At the risk of being offensive, you, ahhh... really ought to understand why that's the result too, without too much effort... or you really shouldn't be writing a Monad tutorial. Ahem.

In particular:

• Many putative monadic computation solutions only work with a "container" that contains zero or one elements, and therefore do not work on lists. >>= is allowed to call its second argument (a -> m b) an arbitrary number of times. It may be once, it may be dozens, it may be none. If you can't do that, you don't have a monadic computation.
• A monadic computation has the ability to examine the intermediate results of the computation, and make decisions, as shown by the if statement. If you can't do that, you don't have a monadic computation.
• In statically-typed languages, the type of the inner value is not determined by the incoming argument. It's a -> m b, not a -> m a, which is quite different. Note how x and y are of different types.
• The monadic computation builds up a namespace as it goes along; note we determine x, then somewhat later use it in the return, regardless of which branch we go down, and in both cases, we do not use it right away. Many putative implementations end up with a pipeline, where each stage can use the previous stage's values, but can not refer back to values before that.
• Monads are not "about effects". The monadic computation I show above is in fact perfectly pure, in every sense of the term.
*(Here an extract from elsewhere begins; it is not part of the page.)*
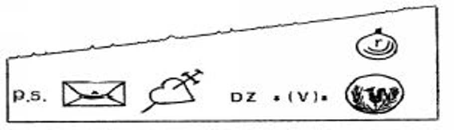 Посмотрите на подпись: шар с буквой «R» внутри означает Буле-Руж. Это печать главаря банды, который показал себя более ловким, чем вся полиция. Знак конверта означает: напишите. Проколотое кинжалом сердце является знаком моего старого клиента Жюля Лансеньи, которого звали в банде Пети-Пуаньяр. «DZ». Банда зашифровала буквы алфавита цифрами, а цифры буквами. Четвертая буква по порядку – «D», соответственно это – 4. «Z» – последняя буква алфавита означает «0». Таким образом, получается «40». Две скобки между двумя точками обозначают некую улицу Парижа. Преступники каталогизировали всю столицу. Каждая улица, каждый проезд, площадь получили свой определенный символ. Круглые скобки – знак улицы, буква внутри – название. Итак, что же означает начальная буква «V»? Первое, что пришло мне в голову, это улица Вожирар. Мое предположение оказалось правильным. Теперь последний знак в правом нижнем углу: Эта монета[13] доставила мне гораздо больше проблем, и я очень долго раздумывал над ней. После миллиона проб и ошибок, меня, наконец, осенило то, о чем я должен был подумать с самого начала, она означала имя «Луи». Итак, вот фрагмент целиком:

And yes, in practice monad notation is used this way in real Haskell all the time, it isn't just an incidental side-effect.

A common misconception is that you can implement this in Javascript or similar languages using "method chaining". I do not believe this is possible; for monadic computations to work in Javascript at all, you must be nesting functions within calls to bind within functions within calls to bind... basically, it's impossibly inconvenient to use monadic computations in Javascript, and a number of other languages. A mere implementation of method chaining is not "monadic", and libraries that use method chaining are not "monadic" (unless they really do implement the rest of what it takes to be a monad, but I've so far never seen one).

If you can translate the above code correctly, and obtain the correct result, I don't guarantee that you have a proper monadic computation, but if you've got a bind or a join function with the right type signatures, and you can do the above, you're probably at least on the right track. This is the approximately minimal example that a putative implementation of a monadic computation ought to be able to do.